Task to carry out. Reproduce exactly the entries from the "Compresas Pharmia de" line to the end. Skip all pictures.

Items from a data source
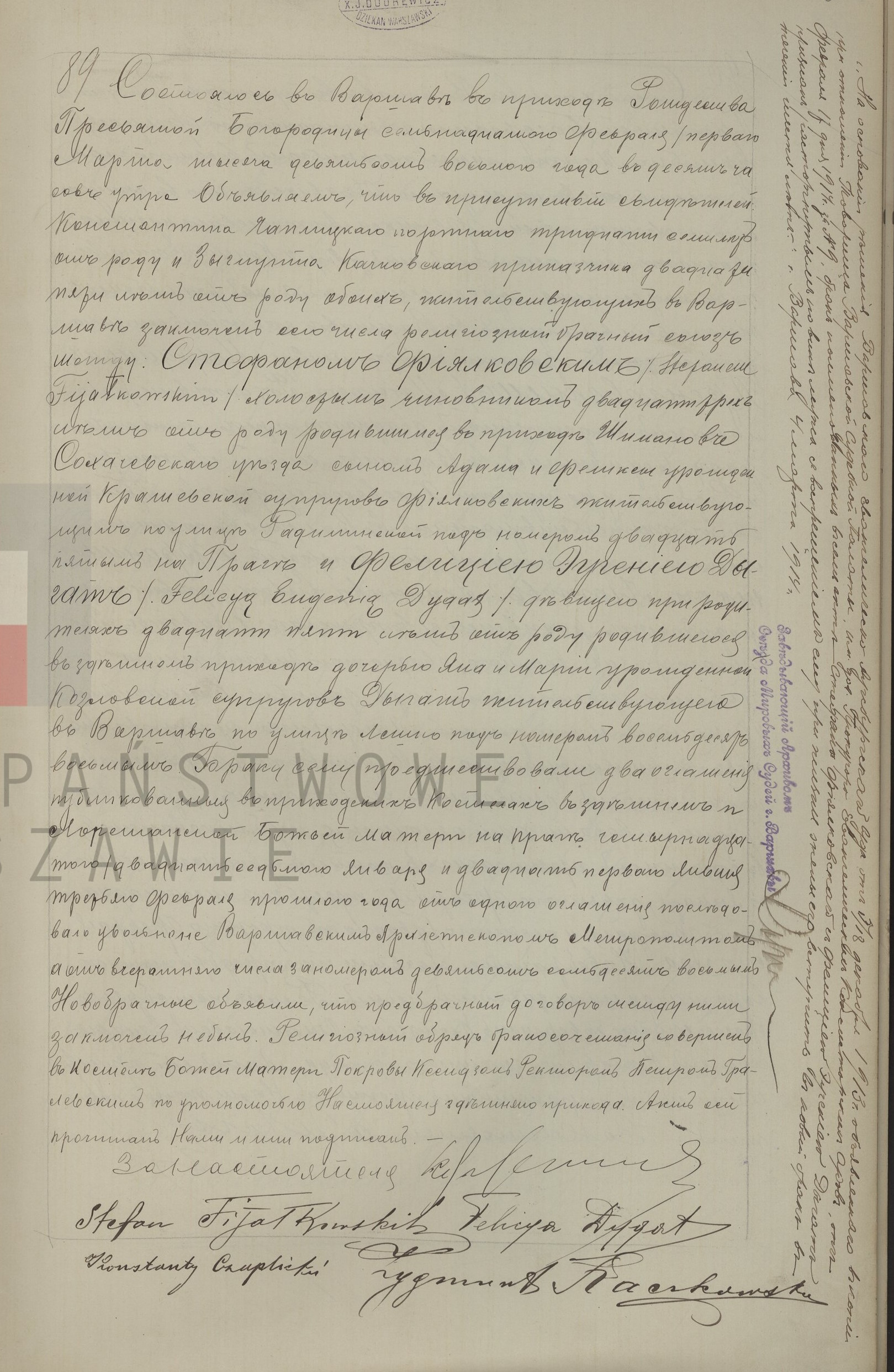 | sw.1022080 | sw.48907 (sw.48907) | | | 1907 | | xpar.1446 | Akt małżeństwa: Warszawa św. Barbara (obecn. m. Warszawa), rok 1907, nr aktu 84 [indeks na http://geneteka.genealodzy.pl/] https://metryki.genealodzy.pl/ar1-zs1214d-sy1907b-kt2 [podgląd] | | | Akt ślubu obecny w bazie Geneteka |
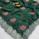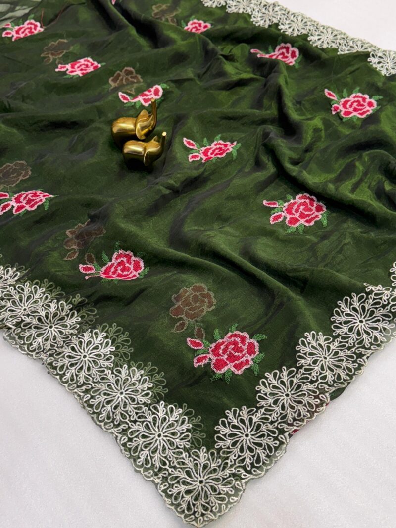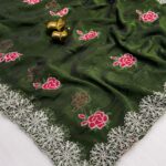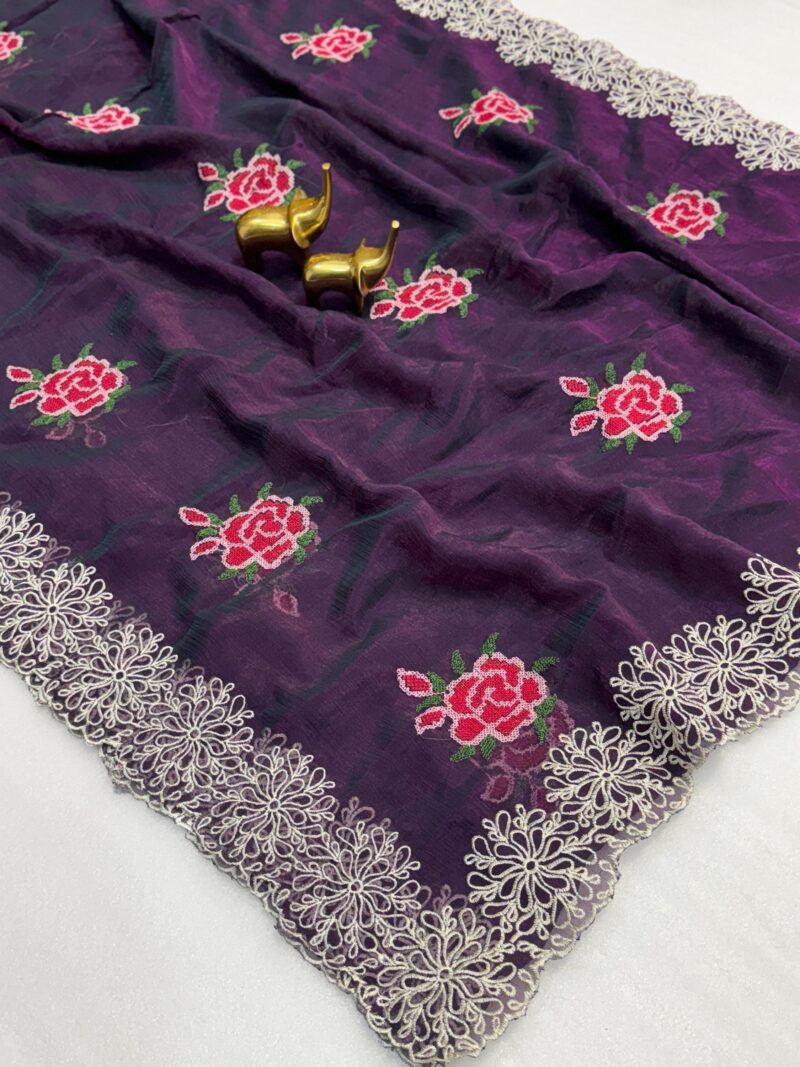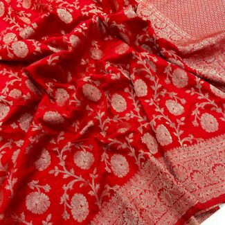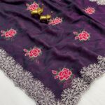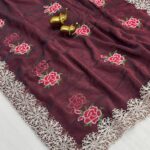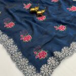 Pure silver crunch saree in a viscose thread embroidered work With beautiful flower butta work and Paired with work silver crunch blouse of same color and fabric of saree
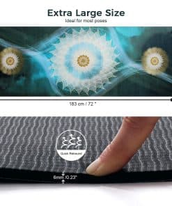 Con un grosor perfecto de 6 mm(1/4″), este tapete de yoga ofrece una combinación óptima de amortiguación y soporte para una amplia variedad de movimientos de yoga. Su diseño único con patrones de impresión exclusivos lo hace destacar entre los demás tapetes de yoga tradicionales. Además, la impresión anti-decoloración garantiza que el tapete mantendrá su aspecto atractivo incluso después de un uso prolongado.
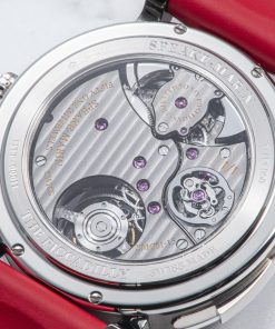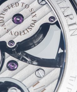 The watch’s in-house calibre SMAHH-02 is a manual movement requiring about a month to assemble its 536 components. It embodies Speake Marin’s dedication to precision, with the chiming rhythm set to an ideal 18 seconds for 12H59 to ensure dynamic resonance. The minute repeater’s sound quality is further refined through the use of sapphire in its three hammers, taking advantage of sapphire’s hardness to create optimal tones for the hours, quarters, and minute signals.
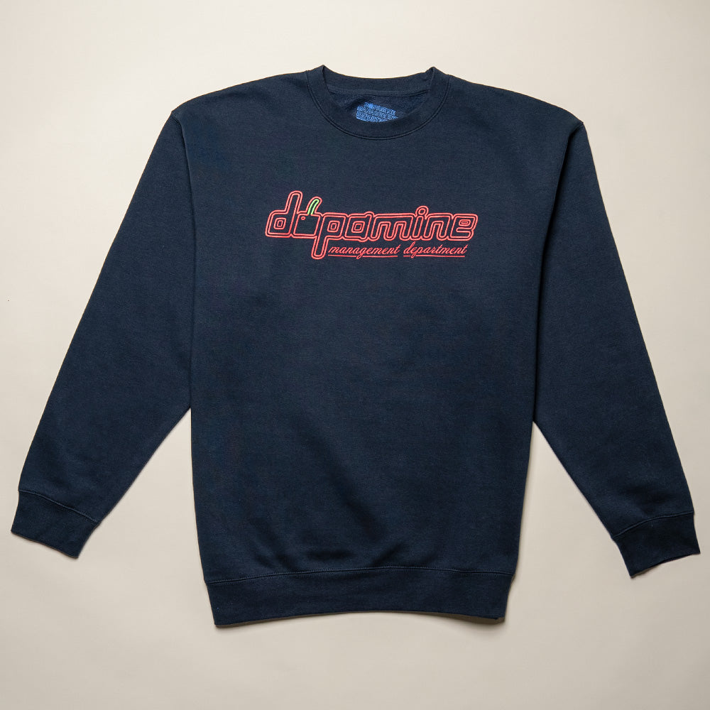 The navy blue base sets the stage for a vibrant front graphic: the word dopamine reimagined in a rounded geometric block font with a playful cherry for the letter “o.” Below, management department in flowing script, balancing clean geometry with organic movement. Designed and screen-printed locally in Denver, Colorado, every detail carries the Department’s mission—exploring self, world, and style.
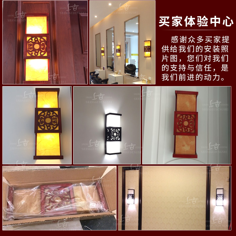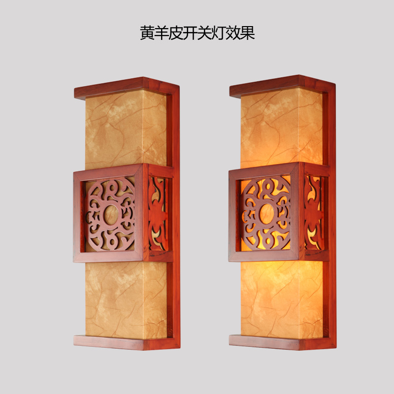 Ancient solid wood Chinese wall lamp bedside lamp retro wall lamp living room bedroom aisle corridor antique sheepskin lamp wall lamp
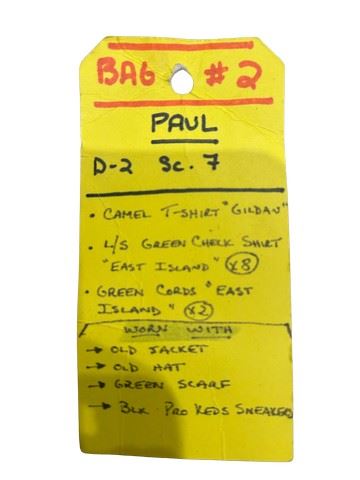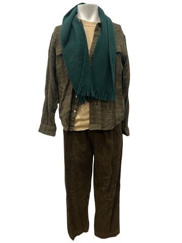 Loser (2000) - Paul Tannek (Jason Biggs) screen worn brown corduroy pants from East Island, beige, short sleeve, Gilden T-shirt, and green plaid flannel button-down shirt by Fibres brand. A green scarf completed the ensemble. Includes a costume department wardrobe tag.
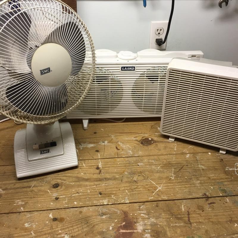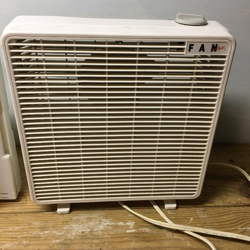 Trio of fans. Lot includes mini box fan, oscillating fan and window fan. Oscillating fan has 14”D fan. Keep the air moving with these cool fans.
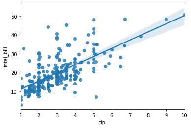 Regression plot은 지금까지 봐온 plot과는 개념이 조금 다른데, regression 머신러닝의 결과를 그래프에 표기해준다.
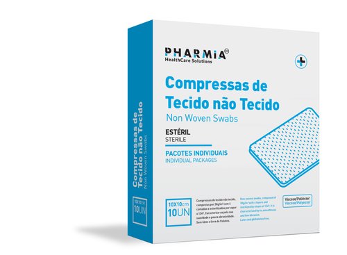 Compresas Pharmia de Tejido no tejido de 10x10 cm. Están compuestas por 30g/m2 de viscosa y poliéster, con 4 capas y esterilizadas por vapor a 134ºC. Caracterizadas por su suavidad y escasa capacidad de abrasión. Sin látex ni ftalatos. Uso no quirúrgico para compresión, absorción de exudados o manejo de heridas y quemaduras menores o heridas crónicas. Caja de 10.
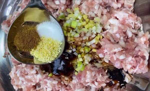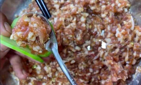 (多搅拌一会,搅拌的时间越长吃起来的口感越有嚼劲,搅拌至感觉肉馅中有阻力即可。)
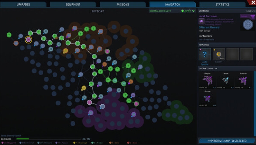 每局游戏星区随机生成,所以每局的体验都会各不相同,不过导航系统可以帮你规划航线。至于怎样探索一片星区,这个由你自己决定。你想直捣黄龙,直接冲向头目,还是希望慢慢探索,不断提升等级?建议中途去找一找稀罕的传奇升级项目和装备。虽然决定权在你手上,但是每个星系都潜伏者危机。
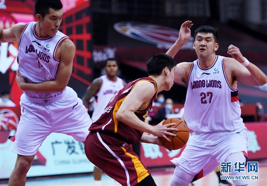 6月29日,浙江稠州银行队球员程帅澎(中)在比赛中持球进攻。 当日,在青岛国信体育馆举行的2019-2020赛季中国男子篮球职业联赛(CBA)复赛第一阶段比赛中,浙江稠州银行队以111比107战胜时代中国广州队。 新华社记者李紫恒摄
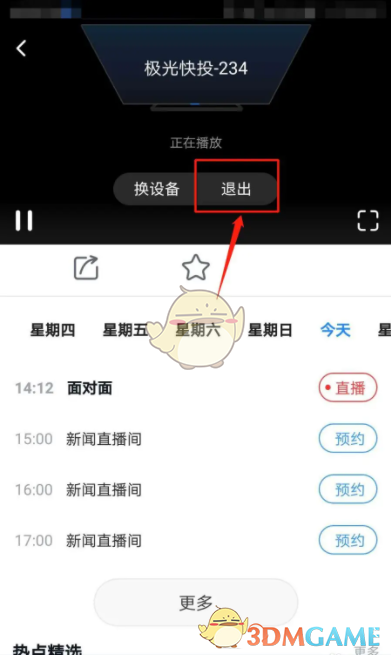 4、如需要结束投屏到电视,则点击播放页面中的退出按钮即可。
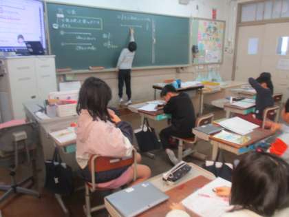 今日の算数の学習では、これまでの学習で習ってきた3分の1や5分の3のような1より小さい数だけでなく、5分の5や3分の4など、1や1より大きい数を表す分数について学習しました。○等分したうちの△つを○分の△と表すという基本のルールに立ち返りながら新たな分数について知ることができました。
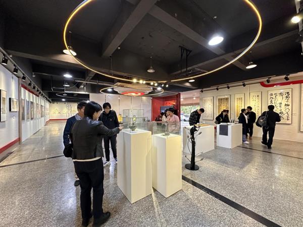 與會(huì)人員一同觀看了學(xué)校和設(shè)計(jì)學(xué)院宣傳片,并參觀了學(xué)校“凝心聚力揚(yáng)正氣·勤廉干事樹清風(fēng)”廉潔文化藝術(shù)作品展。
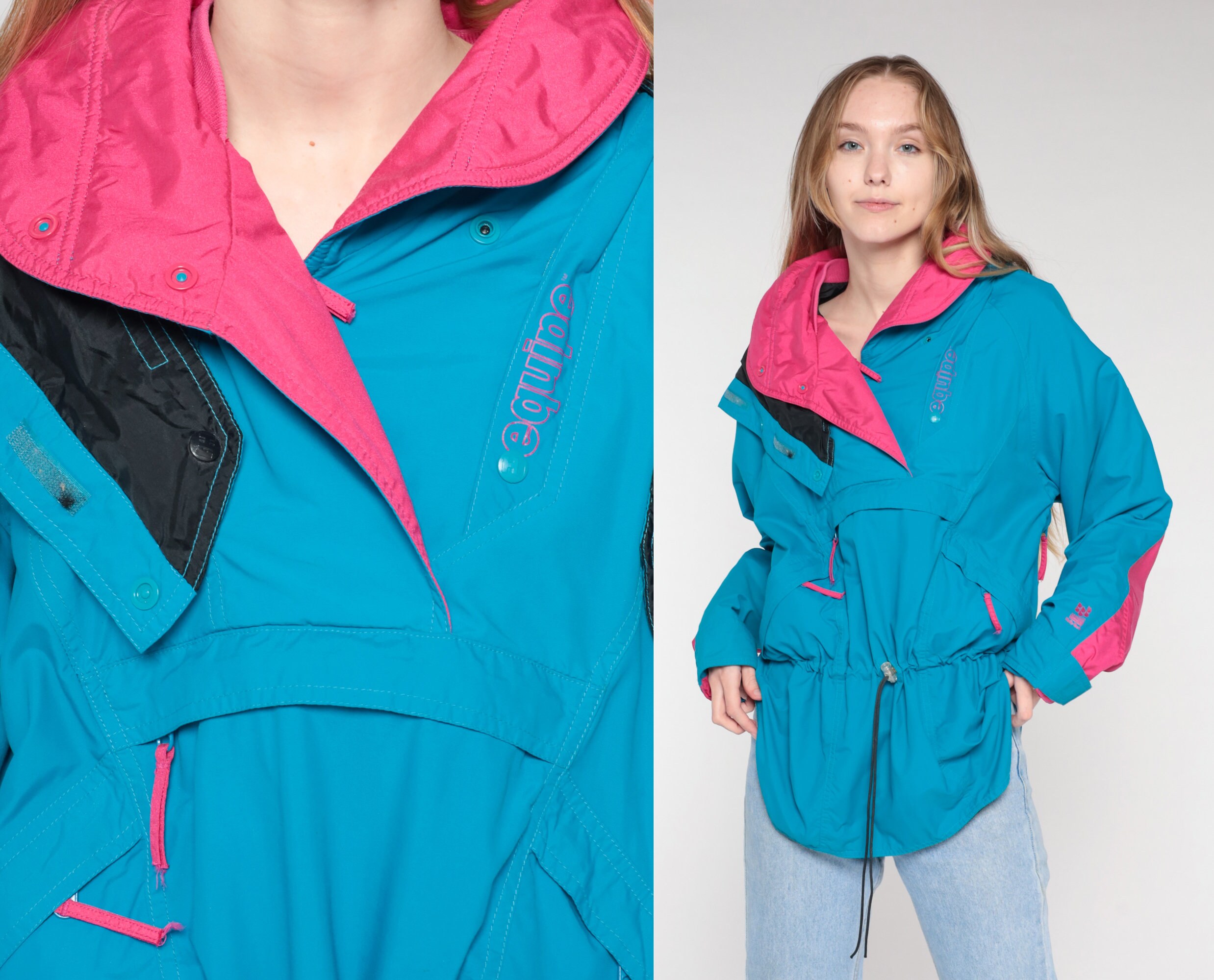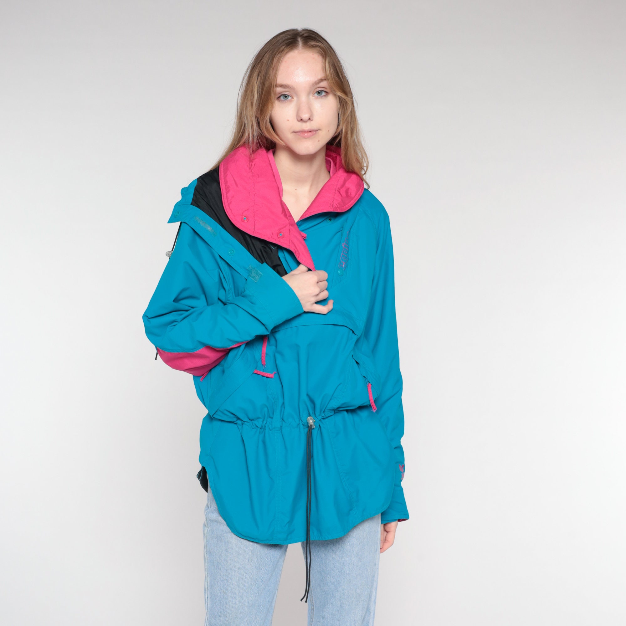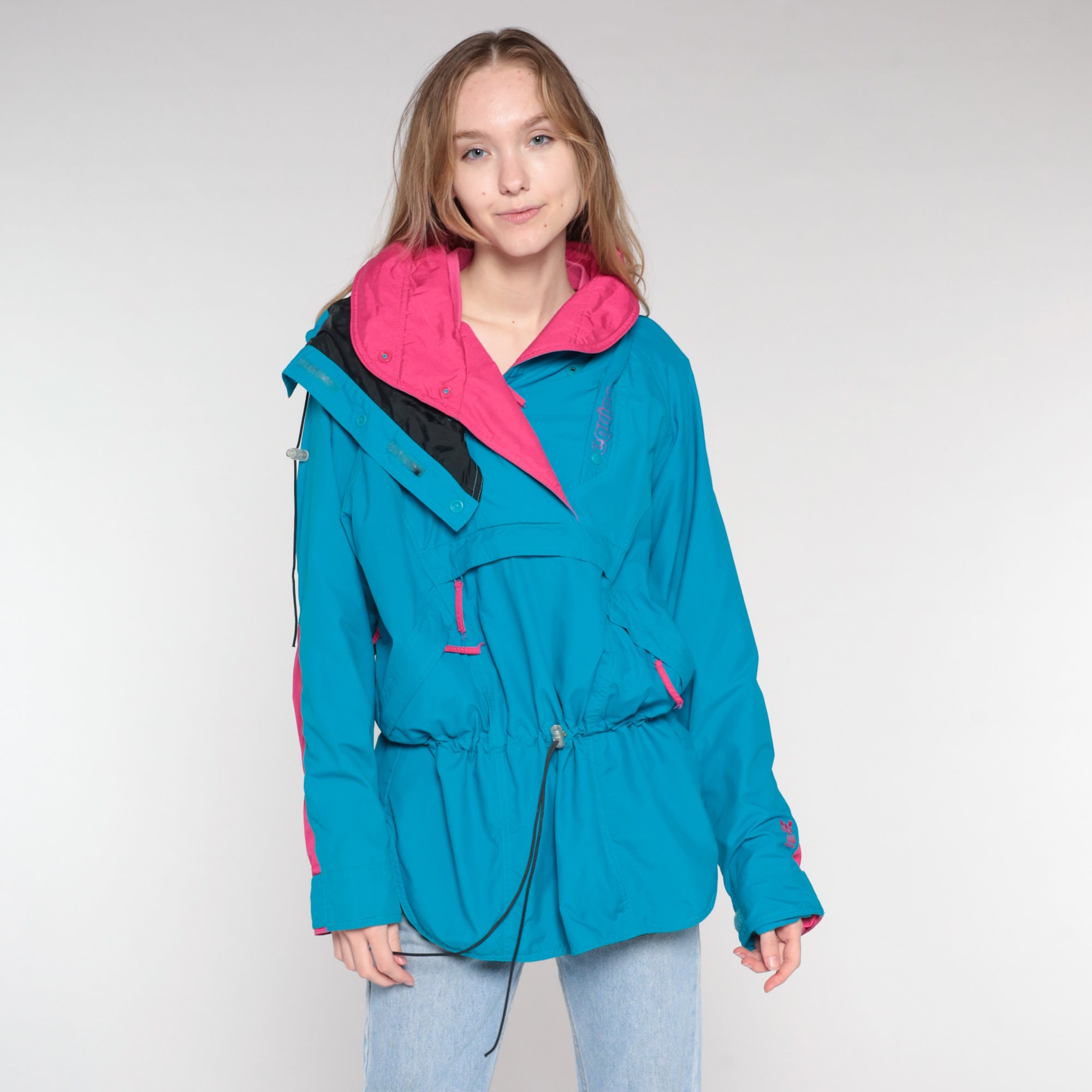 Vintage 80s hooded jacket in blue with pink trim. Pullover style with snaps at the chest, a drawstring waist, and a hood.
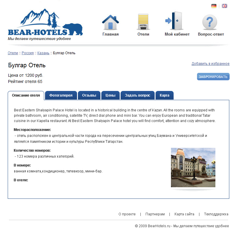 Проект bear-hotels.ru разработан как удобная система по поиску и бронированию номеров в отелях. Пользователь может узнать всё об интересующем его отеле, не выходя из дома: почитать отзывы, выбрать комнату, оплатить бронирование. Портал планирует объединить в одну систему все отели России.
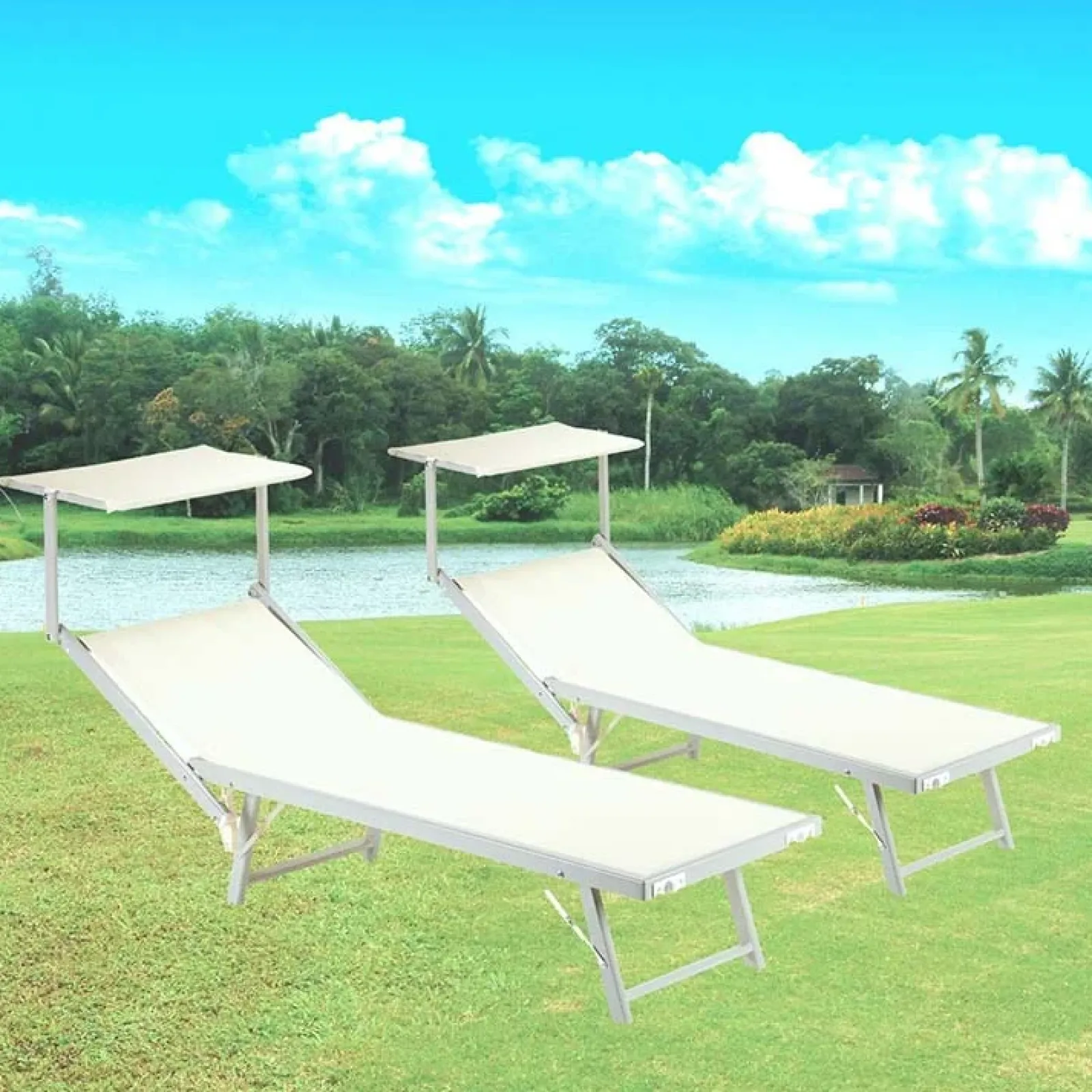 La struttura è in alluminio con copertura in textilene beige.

Answer to the problem.
 Compresas Pharmia de Tejido no tejido de 10x10 cm. Están compuestas por 30g/m2 de viscosa y poliéster, con 4 capas y esterilizadas por vapor a 134ºC. Caracterizadas por su suavidad y escasa capacidad de abrasión. Sin látex ni ftalatos. Uso no quirúrgico para compresión, absorción de exudados o manejo de heridas y quemaduras menores o heridas crónicas. Caja de 10.
 (多搅拌一会,搅拌的时间越长吃起来的口感越有嚼劲,搅拌至感觉肉馅中有阻力即可。)
 每局游戏星区随机生成,所以每局的体验都会各不相同,不过导航系统可以帮你规划航线。至于怎样探索一片星区,这个由你自己决定。你想直捣黄龙,直接冲向头目,还是希望慢慢探索,不断提升等级?建议中途去找一找稀罕的传奇升级项目和装备。虽然决定权在你手上,但是每个星系都潜伏者危机。
 6月29日,浙江稠州银行队球员程帅澎(中)在比赛中持球进攻。 当日,在青岛国信体育馆举行的2019-2020赛季中国男子篮球职业联赛(CBA)复赛第一阶段比赛中,浙江稠州银行队以111比107战胜时代中国广州队。 新华社记者李紫恒摄
 4、如需要结束投屏到电视,则点击播放页面中的退出按钮即可。
 今日の算数の学習では、これまでの学習で習ってきた3分の1や5分の3のような1より小さい数だけでなく、5分の5や3分の4など、1や1より大きい数を表す分数について学習しました。○等分したうちの△つを○分の△と表すという基本のルールに立ち返りながら新たな分数について知ることができました。
 與會(huì)人員一同觀看了學(xué)校和設(shè)計(jì)學(xué)院宣傳片,并參觀了學(xué)校“凝心聚力揚(yáng)正氣·勤廉干事樹清風(fēng)”廉潔文化藝術(shù)作品展。
 Vintage 80s hooded jacket in blue with pink trim. Pullover style with snaps at the chest, a drawstring waist, and a hood.
 Проект bear-hotels.ru разработан как удобная система по поиску и бронированию номеров в отелях. Пользователь может узнать всё об интересующем его отеле, не выходя из дома: почитать отзывы, выбрать комнату, оплатить бронирование. Портал планирует объединить в одну систему все отели России.
 La struttura è in alluminio con copertura in textilene beige.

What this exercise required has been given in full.